Scolia ruficornis is a big, blue-black wasp with ice-blue wings. Its hind pair of legs are hairy and remarkably long and muscular. It has an abdomen like a bomb, swelling full and ominous, then narrowing sharply to its fatal point. Simmonds considered this wasp promising in that the Zanzibar climate was much like Samoa’s, and the wasp would feel at home. But it was a gamble, because it was not a true parasite of the coconut rhinoceros beetle, only of the beetle’s cousins. Simmonds released the wasp in Samoa, and it established itself. The fact of establishment meant that ruficornis had made the adjustment to the new species of beetle, for there was nothing else in Samoa for the female wasp to parasitize when she laid her eggs. In time ruficornis seemed to have some effect in controlling the beetle population.
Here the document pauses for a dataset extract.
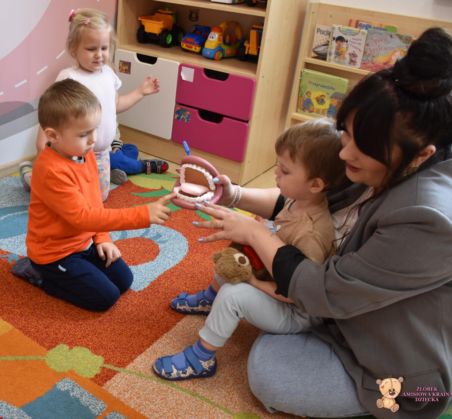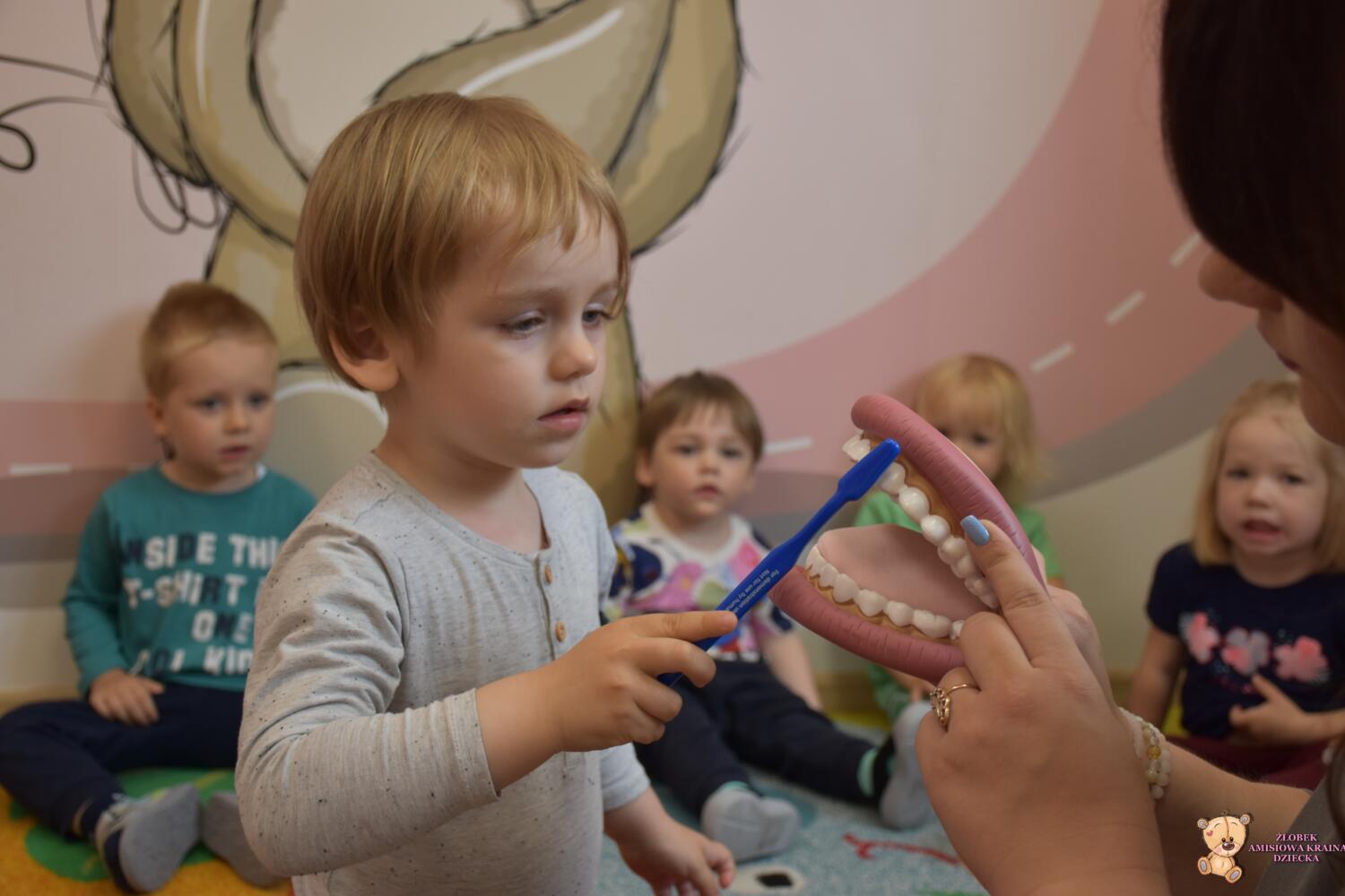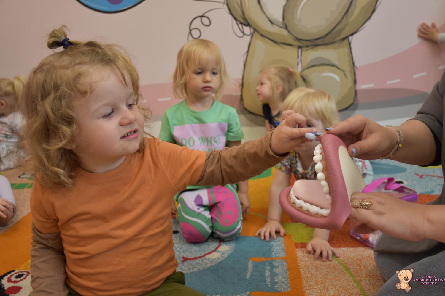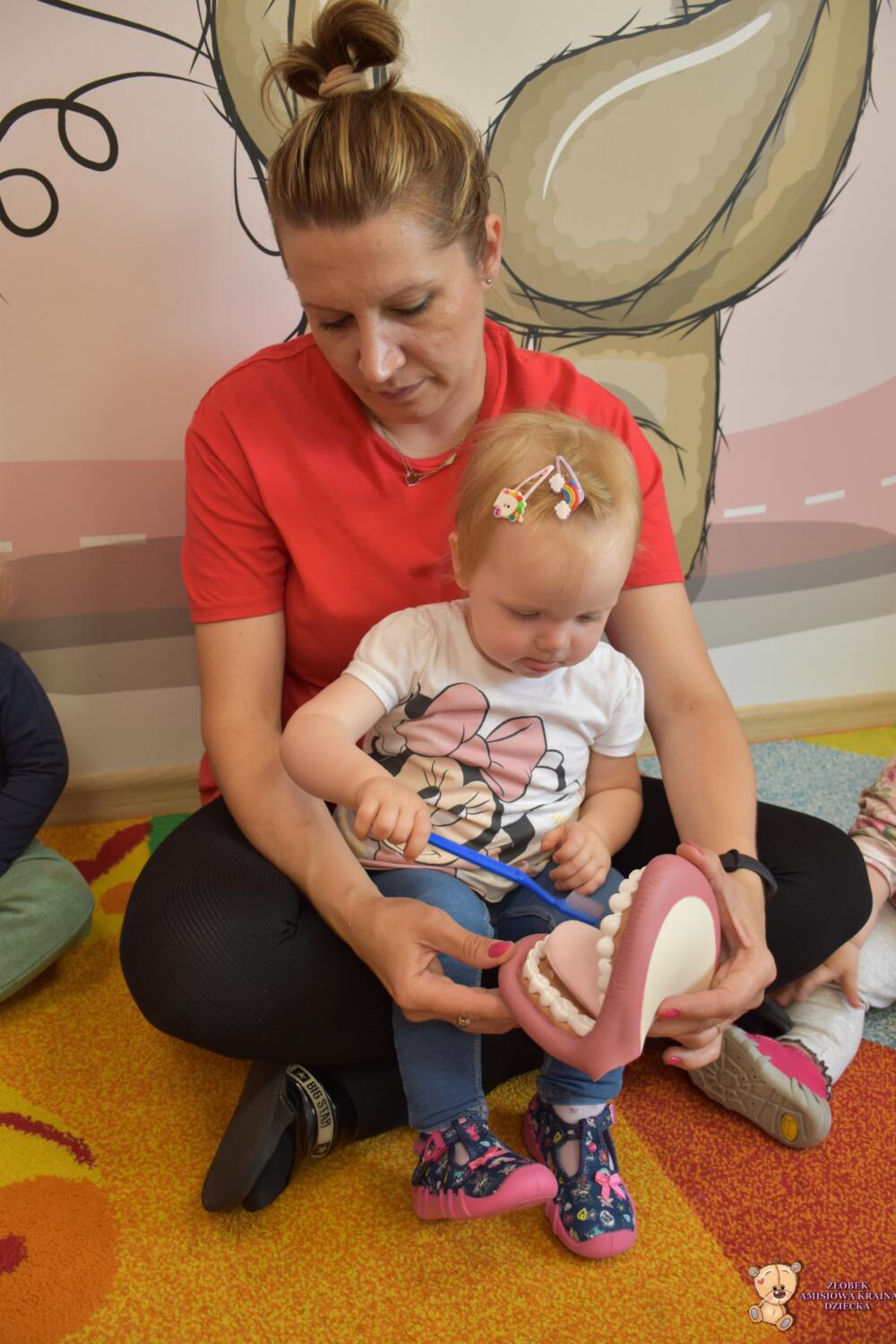 Dziś na zajęciach poznawaliśmy anatomię naszego układu artykulacyjnego . Dzieci dowiedziały się co odpowiada za gryzienie, do czego potrzebny nam język i wargi . Każde dziecko umyło również zabki na specjalnym modelu ![]()
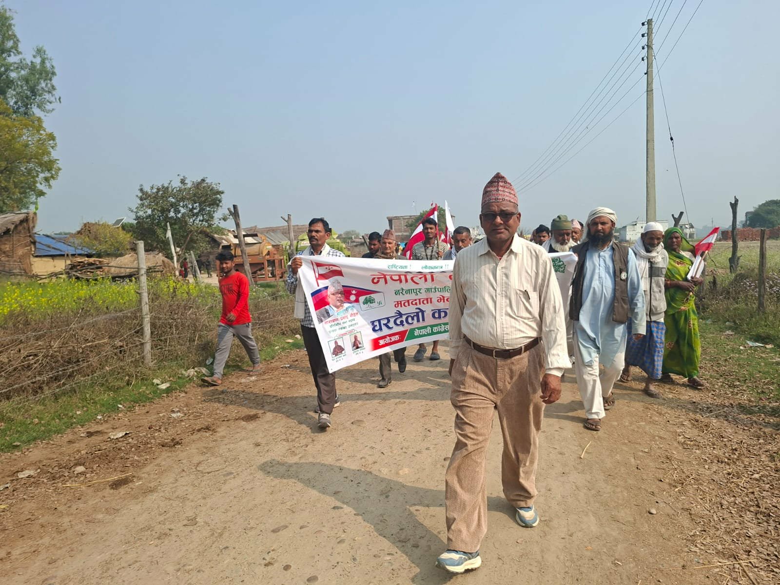 नेपाली काँग्रेस बाँके क्षेत्र नं। १ का प्रतिनिधि सभा सदस्य उम्मेदवार नारायण प्रसाद गौडेलले आज नरैनापुर गाउँपालिका वडा नं। १ र २ का एक दर्जन वस्तीहरुको घरदैलो गरेका छन् । त्यसक्रममा उनले बघौडा क्षेत्रको समस्या समाधानका लागि काँग्रेस नेतृत्वको सरकार अपरिहार्य रहेको बताएका छन् । काँग्रेस बाँकेका सभापति समेत रहेका उम्मेदवार गौडेलले प्रजातन्त्र र कांग्रेस एकै सिक्काका दुई पाटा भएको उल्लेख गर्दै विषम परिस्थितिमा निर्वाचन हुन लागेकाले विवेकपूर्ण निर्णय गर्न पनि मतदाताहरुलाई आग्रह गरे ।

There had been no other developments in beetle science at the time Owen began his control work in Palau. Friederichs’ search for a solution had begun before Owen’s birth, yet in the years following the beetle’s 1909 debut, Palau was only the third place in Oceania it had reached, and the danger to the entire Pacific area was considered only a potential one. There were few workers and little money available for beetle research,

Owen started by organizing a sanitation program. Sanitation was then the only effective method of controlling Oryctes, and it remains the basic method today. It is costly, hard, unending work. Dead stumps are cut down and hauled to the sea. Vegetable refuse is buried or scattered. By force of human labor, the female beetle is denied a place to lay her eggs.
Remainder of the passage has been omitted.